The classic strawberry meringue cake: a dream of sweetness.
Freshness and crunchiness in a dessert perfect for summer
The classic strawberry meringue cake is a timeless dessert that delights the palate with its combination of flavors and textures: the sweetness of the meringue harmonizes perfectly with the acidity of fresh strawberries, creating an irresistible contrast. The crisp exterior of the meringue contrasts with the softness of the cream and strawberries, making this dessert a unique sensory experience.
Simple to prepare and versatile for any occasion
Making the strawberry meringue is easier than you might think: you only need a few common ingredients and a bit of patience to achieve a show-stopping, delicious dessert. The meringue can be prepared in advance and stored in an airtight container, while the strawberries can be replaced with other seasonal fruits, such as peaches, apricots, or berries.

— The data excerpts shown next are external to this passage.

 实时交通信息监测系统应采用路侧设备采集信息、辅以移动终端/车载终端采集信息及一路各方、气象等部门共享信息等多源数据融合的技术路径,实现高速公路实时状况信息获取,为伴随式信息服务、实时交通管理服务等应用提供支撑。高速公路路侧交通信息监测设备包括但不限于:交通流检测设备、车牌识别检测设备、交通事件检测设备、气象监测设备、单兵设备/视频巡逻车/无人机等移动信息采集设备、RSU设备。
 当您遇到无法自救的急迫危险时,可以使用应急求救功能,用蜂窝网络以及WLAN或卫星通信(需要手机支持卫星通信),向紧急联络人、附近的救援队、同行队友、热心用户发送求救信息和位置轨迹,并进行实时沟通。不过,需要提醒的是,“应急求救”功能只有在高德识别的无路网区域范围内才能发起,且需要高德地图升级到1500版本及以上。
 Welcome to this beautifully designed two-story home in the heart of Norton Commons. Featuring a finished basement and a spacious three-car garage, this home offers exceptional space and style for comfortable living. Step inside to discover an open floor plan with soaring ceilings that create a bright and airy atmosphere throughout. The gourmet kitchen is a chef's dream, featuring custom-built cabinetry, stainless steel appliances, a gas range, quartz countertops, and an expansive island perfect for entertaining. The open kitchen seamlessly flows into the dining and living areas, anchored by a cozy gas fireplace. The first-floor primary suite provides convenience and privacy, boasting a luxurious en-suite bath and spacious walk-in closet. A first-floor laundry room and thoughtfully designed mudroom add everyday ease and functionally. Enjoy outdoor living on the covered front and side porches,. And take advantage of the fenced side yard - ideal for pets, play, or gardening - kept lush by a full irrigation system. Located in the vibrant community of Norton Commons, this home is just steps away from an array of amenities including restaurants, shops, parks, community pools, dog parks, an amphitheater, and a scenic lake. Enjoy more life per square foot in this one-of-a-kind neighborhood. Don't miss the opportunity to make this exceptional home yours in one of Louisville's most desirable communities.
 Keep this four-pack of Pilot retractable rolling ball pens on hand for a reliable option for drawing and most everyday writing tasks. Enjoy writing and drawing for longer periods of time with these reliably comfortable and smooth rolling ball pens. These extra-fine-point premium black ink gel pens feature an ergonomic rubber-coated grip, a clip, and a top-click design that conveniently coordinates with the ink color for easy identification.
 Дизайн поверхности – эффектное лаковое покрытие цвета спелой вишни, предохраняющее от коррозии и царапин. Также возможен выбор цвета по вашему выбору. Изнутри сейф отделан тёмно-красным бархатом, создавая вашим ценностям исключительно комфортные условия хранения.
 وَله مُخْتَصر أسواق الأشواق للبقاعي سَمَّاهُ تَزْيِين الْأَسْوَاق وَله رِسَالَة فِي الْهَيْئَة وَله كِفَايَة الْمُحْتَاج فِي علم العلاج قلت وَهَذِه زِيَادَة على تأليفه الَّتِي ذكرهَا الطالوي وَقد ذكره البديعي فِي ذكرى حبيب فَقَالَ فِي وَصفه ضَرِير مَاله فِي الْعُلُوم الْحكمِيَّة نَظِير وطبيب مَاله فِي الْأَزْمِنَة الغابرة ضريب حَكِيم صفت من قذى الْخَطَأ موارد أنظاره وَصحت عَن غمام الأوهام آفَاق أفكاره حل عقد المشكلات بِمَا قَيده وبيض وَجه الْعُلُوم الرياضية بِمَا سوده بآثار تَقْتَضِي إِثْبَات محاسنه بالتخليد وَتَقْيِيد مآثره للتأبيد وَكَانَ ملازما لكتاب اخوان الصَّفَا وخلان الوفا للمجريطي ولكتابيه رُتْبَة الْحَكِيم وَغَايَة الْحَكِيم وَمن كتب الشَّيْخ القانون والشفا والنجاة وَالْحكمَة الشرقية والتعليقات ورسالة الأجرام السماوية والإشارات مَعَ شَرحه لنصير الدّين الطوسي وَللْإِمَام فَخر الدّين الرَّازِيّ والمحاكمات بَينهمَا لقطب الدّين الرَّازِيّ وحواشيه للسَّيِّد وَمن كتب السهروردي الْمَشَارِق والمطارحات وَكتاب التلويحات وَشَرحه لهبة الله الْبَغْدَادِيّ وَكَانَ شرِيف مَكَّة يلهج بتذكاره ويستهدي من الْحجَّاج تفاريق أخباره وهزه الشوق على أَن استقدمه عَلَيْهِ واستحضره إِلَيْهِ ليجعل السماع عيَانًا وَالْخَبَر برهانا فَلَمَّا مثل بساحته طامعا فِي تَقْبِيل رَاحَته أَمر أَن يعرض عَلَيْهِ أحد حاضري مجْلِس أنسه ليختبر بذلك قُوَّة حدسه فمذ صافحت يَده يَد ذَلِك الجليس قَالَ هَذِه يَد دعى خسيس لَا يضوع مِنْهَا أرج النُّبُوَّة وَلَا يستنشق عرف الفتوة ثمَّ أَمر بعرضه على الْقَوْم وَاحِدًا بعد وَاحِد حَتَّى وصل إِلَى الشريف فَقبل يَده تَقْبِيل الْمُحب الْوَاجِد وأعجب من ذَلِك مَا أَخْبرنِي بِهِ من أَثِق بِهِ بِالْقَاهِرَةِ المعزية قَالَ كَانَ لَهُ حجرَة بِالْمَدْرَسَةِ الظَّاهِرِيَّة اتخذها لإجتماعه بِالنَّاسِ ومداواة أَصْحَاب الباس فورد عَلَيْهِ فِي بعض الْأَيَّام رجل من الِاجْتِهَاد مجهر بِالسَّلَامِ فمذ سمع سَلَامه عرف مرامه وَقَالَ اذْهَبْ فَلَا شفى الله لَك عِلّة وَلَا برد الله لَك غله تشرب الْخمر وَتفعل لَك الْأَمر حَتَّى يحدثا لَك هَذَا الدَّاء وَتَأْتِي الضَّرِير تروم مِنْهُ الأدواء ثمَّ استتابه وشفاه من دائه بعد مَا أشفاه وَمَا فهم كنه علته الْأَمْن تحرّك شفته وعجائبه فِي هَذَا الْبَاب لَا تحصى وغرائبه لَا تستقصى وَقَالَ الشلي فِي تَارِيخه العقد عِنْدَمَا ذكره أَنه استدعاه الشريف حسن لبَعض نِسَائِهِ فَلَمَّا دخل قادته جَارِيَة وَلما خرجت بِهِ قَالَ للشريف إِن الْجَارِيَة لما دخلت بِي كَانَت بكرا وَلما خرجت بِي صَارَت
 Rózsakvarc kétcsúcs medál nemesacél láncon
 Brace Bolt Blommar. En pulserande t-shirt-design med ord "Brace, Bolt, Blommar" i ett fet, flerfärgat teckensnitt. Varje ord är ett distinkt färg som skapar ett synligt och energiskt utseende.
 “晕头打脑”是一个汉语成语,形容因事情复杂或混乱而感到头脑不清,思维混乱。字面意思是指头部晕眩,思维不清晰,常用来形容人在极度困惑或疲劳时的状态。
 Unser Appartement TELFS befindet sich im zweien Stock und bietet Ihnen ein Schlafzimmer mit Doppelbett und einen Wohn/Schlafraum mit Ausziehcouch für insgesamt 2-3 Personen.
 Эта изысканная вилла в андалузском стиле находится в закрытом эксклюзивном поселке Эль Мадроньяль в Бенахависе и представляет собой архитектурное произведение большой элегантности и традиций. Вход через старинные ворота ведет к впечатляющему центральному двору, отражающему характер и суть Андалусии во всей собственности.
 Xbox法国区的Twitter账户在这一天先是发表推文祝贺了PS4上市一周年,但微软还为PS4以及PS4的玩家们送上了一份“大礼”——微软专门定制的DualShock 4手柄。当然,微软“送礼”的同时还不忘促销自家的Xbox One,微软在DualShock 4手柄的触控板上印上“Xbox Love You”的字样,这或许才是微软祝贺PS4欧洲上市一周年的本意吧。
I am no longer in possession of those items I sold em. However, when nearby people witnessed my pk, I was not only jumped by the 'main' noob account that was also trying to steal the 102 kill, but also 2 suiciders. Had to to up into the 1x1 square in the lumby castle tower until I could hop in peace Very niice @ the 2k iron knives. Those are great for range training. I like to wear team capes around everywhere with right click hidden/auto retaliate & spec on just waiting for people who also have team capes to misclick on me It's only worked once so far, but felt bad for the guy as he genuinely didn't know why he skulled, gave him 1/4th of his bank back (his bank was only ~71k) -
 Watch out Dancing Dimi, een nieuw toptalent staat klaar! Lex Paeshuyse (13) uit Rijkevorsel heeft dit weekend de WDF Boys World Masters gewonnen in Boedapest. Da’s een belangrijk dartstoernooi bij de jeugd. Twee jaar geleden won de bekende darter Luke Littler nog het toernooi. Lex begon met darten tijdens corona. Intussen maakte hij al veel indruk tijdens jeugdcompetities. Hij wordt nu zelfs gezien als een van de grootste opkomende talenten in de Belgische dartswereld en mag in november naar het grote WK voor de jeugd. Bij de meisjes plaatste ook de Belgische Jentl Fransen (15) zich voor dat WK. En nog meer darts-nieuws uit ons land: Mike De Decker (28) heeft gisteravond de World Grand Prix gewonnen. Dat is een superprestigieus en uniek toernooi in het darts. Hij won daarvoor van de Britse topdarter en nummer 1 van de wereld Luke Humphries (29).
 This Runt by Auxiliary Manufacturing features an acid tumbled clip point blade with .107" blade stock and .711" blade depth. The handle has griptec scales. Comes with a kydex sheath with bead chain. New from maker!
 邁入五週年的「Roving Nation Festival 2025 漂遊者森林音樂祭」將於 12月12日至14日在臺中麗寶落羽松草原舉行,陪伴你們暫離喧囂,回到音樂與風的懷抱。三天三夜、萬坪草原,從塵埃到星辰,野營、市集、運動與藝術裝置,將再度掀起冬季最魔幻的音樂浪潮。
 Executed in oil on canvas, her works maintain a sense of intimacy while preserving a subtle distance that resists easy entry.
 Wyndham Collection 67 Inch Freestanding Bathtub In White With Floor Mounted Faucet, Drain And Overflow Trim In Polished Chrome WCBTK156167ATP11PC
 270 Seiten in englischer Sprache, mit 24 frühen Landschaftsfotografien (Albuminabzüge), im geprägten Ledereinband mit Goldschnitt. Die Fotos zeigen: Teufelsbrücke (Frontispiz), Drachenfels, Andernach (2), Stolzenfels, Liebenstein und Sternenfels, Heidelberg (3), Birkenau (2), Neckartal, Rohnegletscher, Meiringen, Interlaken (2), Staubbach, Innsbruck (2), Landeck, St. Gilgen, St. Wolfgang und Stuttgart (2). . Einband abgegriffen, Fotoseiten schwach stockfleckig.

A delightful dessert, a timeless classic. Composed of 2 meringue discs made from egg whites and sugar, filled with whipped cream and fruit—in this case strawberries—and small meringues. There are countless variations with chocolate, lemon, coffee, always excellent. The one I present here is the basic version to start from, easier to make than it looks; as always, the meringue must be perfect.
Here are other recipes with meringue:
- Difficulty: Medium
- Cost: Economical
- Preparation time: 30 Minutes
- Cooking time: 1 Hour
- Portions: 6
- Cooking methods: Oven
- Cuisine: Italian
- Seasonality: Spring, Summer
- Energy 397.79 (Kcal)
- Carbohydrates 40.95 (g) of which sugars 38.44 (g)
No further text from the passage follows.